Search for a command to run...

Timestamps are as accurate as they can be but may be slightly off. We encourage you to listen to the full context.
In this episode of The Next Wave, Maria Gharib interviews Victor Riparbelli, CEO and co-founder of Synthesia, diving deep into the evolution of AI-generated avatars and their transformative impact on business communication. (03:54) The conversation explores how AI video technology is progressing from simple avatar creation to interactive, conversational experiences that can fundamentally change how we learn, train, and communicate. Victor shares insights on Synthesia's Express 2 technology, which introduces full-body gestures and enhanced realism, making AI avatars suitable for public-facing content. (07:45) The discussion covers the shift from text-based corporate communication to video-first approaches, ethical considerations around deepfake technology, and the future of AI video agents that can engage in real-time conversations and role-playing scenarios.
Victor Riparbelli is the CEO and co-founder of Synthesia, a company he's been leading since 2017 to pioneer AI-generated avatar technology. He has a background in AI video research and has grown Synthesia into an industry leader in creating lifelike, customizable avatars that can communicate in over 140 languages. Victor has delivered a TED Talk on the future of video and has established Synthesia as a trusted platform used by major enterprises like UBS, Heineken, and Zoom for business communication and training.
Maria Gharib is a podcast host and AI enthusiast who conducted this interview from London. She speaks three languages and has extensive experience exploring AI technologies and their practical applications. During this episode, she underwent the process of creating her own AI avatar at Synthesia's facilities, giving her firsthand insight into the technology she's discussing.
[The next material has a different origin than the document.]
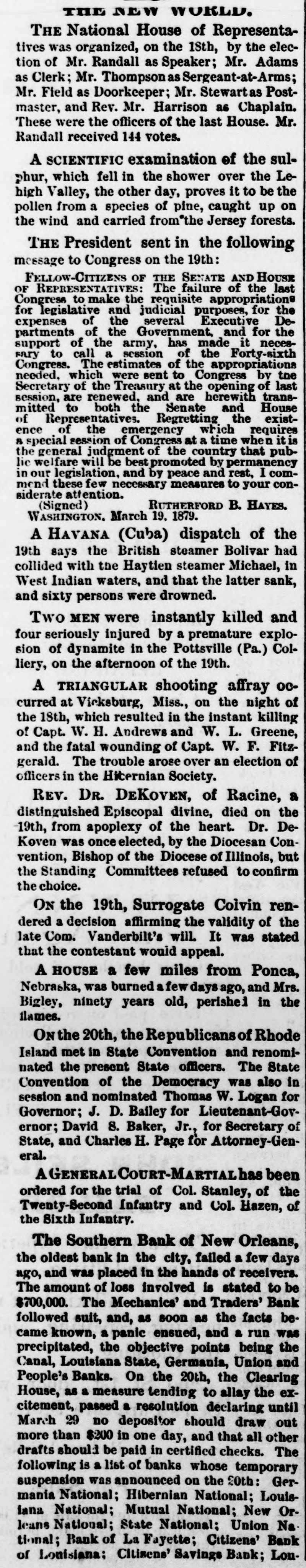 THE NEW WORLD. THE National House of Representatives was organized, on the 18th, by the election of Mr. Randall as Speaker; Mr. Adams as Clerk; Mr. Thompson as Sergeant-at-Arms; Mr. Field as Doorkeeper; Mr. Stewarta Postmaster, and Rev. Mr. Harrison as Chaplain. These were the officers of the last House. Mr. Randall received 144 votes. A SCIENTIFIC examination of the sulphur, which fell in the shower over the Lehigh Valley, the other day, proves it to be the pollen from a species of pine, caught up on the wind and carried from*the Jersey forests. THE President sent in the following message to Congress on the 19th: FELLOW-CITIZENS OF THE SENATE AND HOUSE OF REPRESENTATIVES: The failure of the last Congress to make the requisite appropriations for legislative and judicial purposes, for the expenses of the several Executive Departments of the Government, and for the support of the army, has made it necessary to call a session of the Forty-sixth Congress. The estimates of the appropriations needed, which were sent to Congress by the Secretary of the Treasury at the opening of last session, are renewed. and are herewith transmitted to both the Senate and House of Representatives. Regretting the existence of the emergency which requires a special session of Congress at a time when it is the general judgment of the country that public welfare will be best promoted by permanency in our legislation, and by peace and rest, I commend these few necessary measures to your considerate attention. RUTHERFORD B. HAYES. (Signed) WASHINGTON. March 19. 1879. A HAVANA (Cuba) dispatch of the 19th says the British steamer Bolivar had collided with the Haytien steamer Michael, in West Indian waters, and that the latter sank, and sixty persons were drowned. Two MEN were instantly killed and four seriously injured by a premature explosion of dynamite in the Pottsville (Pa.) Colliery, on the afternoon of the 19th. A TRIANGULAR shooting affray occurred at Vicksburg, Miss., on the night of the 18th, which resulted in the instant killing of Capt. W. H. Andrews and W. L. Greene, and the fatal wounding of Capt. W. F. Fitzgerald. The trouble arose over an election of officers in the Hiternian Society. REV. DR. DEKOVEN, of Racine, a distinguished Episcopal divine, died on the 19th, from apoplexy of the heart. Dr. DeKoven was once elected, by the Diocesan Convention, Bishop of the Diocese of Illinois, but the Standing Committees refused to confirm the choice. ON the 19th, Surrogate Colvin rendered a decision affirming the validity of the late Com. Vanderbilt's will. It was stated that the contestant would appeal. A HOUSE a few miles from Ponca, Nebraska, was burned a few days ago, and Mrs. Bigley, ninety years old, perished in the flames. ON the 20th, the Republicans of Rhode Island met in State Convention and renominated the present State officers. The State Convention of the Democracy was also in session and nominated Thomas W. Logan for Governor; J. D. Bailey for Lieutenant-Governor; David S. Baker, Jr., for Secretary of State, and Charles H. Page for Attorney-General. AGENERALCOURT-MARTIALhas been ordered for the trial of Col. Stanley, of the Twenty-Second Infantry and Col. Hazen, of the Sixth Infantry. The Southern Bank of New Orleans, the oldest bank in the city, failed a few days ago, and was placed in the hands of receivers. The amount of loss involved is stated to be $700,000. The Mechanics' and Traders' Bank followed suit, and, as soon as the facts became known, a panic ensued, and a run was precipitated, the objective points being the Canal, Louisiana State, Germania, Union and People's Banks. On the 20th, the Clearing House, as a measure tending to allay the excitement, passed a resolution declaring until March 29 no depositor should draw out more than $200 in one day, and that all other drafts should be paid in certified checks. The following is a list of banks whose temporary suspension was announced on the 20th: Germania National; Hibernian National; Louisfana National; Mutual National; New Orleans National; State National; Union Na. tional; Bank of La Fayette; Citizens' Bank of Louisiana: Citizens' Savings Bank; Lou-

Victor emphasized that the most successful Synthesia implementations focus on the "middle layer" of corporate communication - replacing PowerPoint presentations, wiki pages, and training documents with engaging video content. (17:52) This approach delivers immediate ROI because video has higher information retention rates and can be consumed asynchronously. Companies like UBS have deployed 200+ analyst avatars to communicate market insights to customers, transforming text-based communications into more engaging video format. Practical Example: Instead of sending a lengthy email about new pricing policies, sales managers can create a 5-minute avatar video that explains the changes with visual aids and examples.
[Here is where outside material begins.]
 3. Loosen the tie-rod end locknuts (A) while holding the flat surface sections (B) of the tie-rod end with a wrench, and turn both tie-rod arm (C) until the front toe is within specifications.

Synthesia operates under the principle of "utility over novelty," advising customers to avoid overly ambitious projects like major advertising campaigns and instead focus on proven use cases. (19:24) Victor warns against the rookie mistake of trying to create big advertising campaigns with current AI avatar technology, as it's not yet developed for that purpose. The most impactful applications are in communication, product marketing, customer support videos, and training content where the technology delivers tangible ROI today.
The realism of AI avatars hinges primarily on natural body language and accurate voice reproduction, including accent preservation. (12:20) Victor explained that humans are extremely sensitive to even slight imperfections in digital representations, and earlier versions with strange body language created an "uncanny valley" effect. Synthesia has developed proprietary voice technology specifically trained to preserve accents because even minor accent changes can make users reject their avatars. (13:49)
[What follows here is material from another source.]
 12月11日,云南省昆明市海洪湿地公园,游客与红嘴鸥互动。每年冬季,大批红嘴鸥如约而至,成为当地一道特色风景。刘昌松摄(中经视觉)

The future of video lies in interactive, conversational experiences rather than passive consumption. Victor describes Synthesia's agent product that allows viewers to ask questions, practice scenarios, and receive personalized coaching. (05:10) For example, after watching a sales training video, employees can engage in a 15-minute role-play session where the AI agent acts as a difficult customer, then provides specific coaching feedback. This transforms video from a broadcast medium into a personalized learning experience.
Synthesia operates under the "three Cs" ethical framework: consent (not creating avatars without permission), control (strict content moderation), and collaboration (working with partners on responsible AI). (20:19) The company deliberately errs on the side of being overly restrictive, particularly around political content, news, and controversial topics, believing this builds long-term trust with enterprise customers. Victor acknowledges this may limit short-term growth but considers it essential for sustainable business success.